OK, but what about the product itself? What changes will you see there? Well, there are plenty:

  • You can now attach USB devices to Windows XP Mode applications directly from the Windows 7 task-bar.   This means your USB devices such as printers and flash drives are available to applications running in Windows XP Mode, without the need to go into full screen mode.
  • You can now access Windows XP Mode applications with a “jump-list”.  Right click on the Windows XP Mode applications from the Windows 7 task bar to select and open most recently used files.
  • You now have the flexibility of customizing where Windows XP Mode differencing disk files are stored. 
  • You can now disable drive sharing between Windows XP Mode and Windows 7 if you do not need that feature.
  • The initial setup now includes a new user tutorial about how to use Windows XP Mode.

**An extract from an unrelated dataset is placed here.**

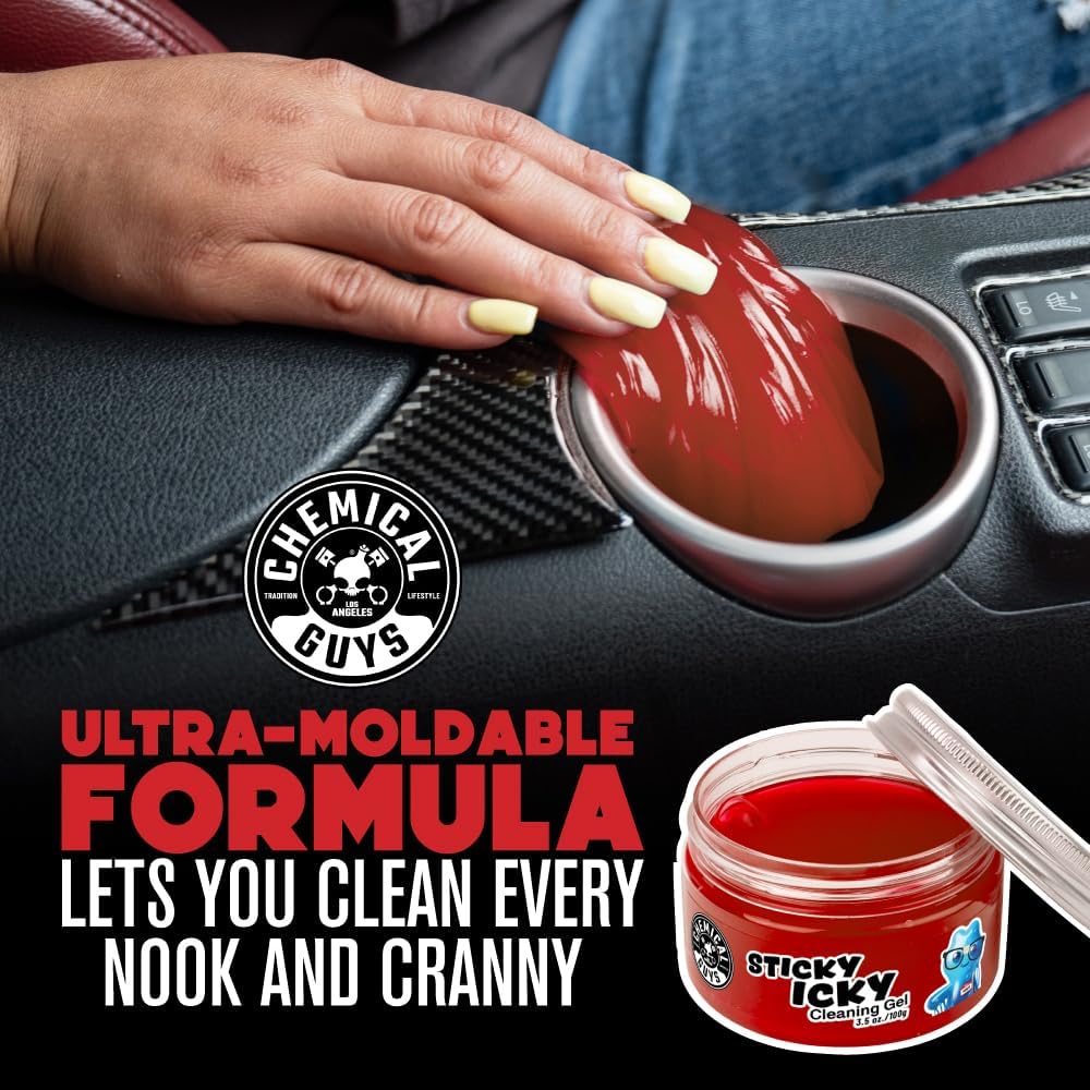 - GENTLE BUT TOUGH - Get those annoying crumbs out of your console, get into those hard to reach cracks that have been bugging you; Sticky Icky can get it out and is a high-tech cleaning compound which is gentle on your car’s interior.

These changes pretty much address all the concerns I had about XP Mode back during the beta stage. Sure, another changed I'd like to see is the requirement for hardware virtualization to be removed, but I'm assuming that this is a performance thing.

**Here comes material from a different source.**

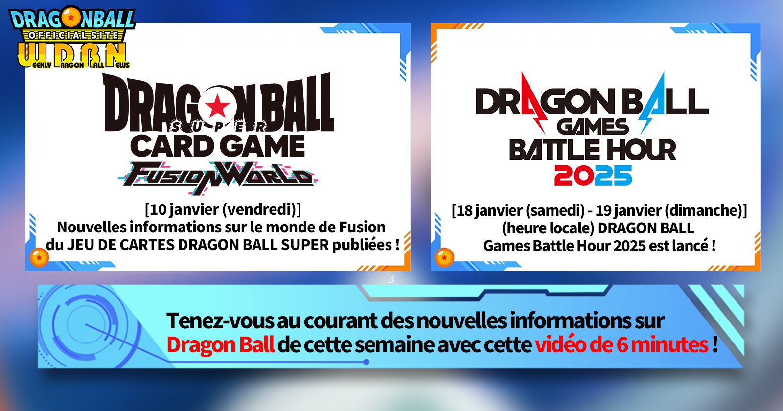 "Nouvelles hebdomadaires Dragon Ball" est une série vidéo mise à jour tous les lundis (JST) pour vous apporter les dernières nouvelles du monde de Dragon Ball! Rejoignez le rédacteur en chef de V Jump, Victory Uchida, alors qu'il couvre toutes les informations les plus importantes publiées la semaine précédente ainsi que de nouvelles mises à jour comme les informations sur les nouveaux produits et les actualités du site pour la semaine à venir !

Side note: If you don't have a CPU that supports hardware virtualization (Intel-VT or AMD-V) then you won't be able to use XP Mode, or for that matter Virtual PC 7. However, there is a way to install Virtual PC 2007, with a little bit of messing about.

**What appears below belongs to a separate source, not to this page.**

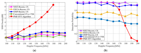 To analyze the robustness of the acquisition performance to different Doppler frequencies, the detection performances of the NIST-reconstructed CS algorithm are measured under the various high-dynamic scenarios with Doppler frequencies ranging from 100 kHz to 200 kHz. Meanwhile, the measurements of the achievable detection performances are also conducted for the CS algorithms with different reconstruction schemes, the conventional CS algorithm with FSS, and the PMF-FFT algorithm for comparisons. Figure 11a shows the Doppler frequency-dependent SNR penalties, which are referred to as the SNR threshold differences between the acquisition of a specific Doppler frequency and that of a 100 kHz Doppler frequency at a detection probability of 90%. In simulating Figure 11a, a CR of 1/2 is exploited for the four CS algorithms whilst the parameter settings of FISTA and PMF-FFT are identical to those adopted in Figure 7 and Figure 9. It can be seen that when the Doppler frequency increases from 100 kHz to 200 kHz, the variations in the SNR penalties are lower than 1.5 dB for all the CS algorithms. In particular, a variation in the SNR penalty is observed as low as 1.3 dB for the NIST-reconstructed CS algorithm. This is inherently contributed to the exhaustive search characteristics for both the code phase and the Doppler frequency within the CS algorithms [11,12]. However, since the amplitude response of the PMF-FFT output exhibits a typical roll-off characteristic, the SNR penalty of the PMF-FFT algorithm increases sharply with the increasing Doppler frequency. Such an excellent performance robustness of the NIST-reconstructed CS algorithm can be further demonstrated in Figure 11b, where the detection probabilities are measured for various Doppler frequencies for an SNR of −25 dB. As shown in Figure 11b, for the Doppler frequencies larger than 160 kHz, the detection probabilities of the PMF-FFT algorithm drop sharply. However, the detection probabilities of the four CS algorithms almost remain stable. Due to its superior noise suppression in the reconstruction of the correlation matrix, the detection probabilities of the NIST-reconstructed CS algorithm are higher than those of other CS algorithms over the whole testing range of the Doppler frequency variation.

If you'd like to take XP Mode for a spin, here's what you need:

Windows XP Mode RC requires RC or RTM version of Windows 7 Professional, Ultimate or Enterprise. It also requires  additional 1 GB of RAM, 15 GB of available disk space, and processor capable of hardware virtualization with AMD-V or Intel VT turned on in the BIOS.  

I welcome the changes that Microsoft have carried out to XP Mode, turning it into a good, solid product. Good work Microsoft!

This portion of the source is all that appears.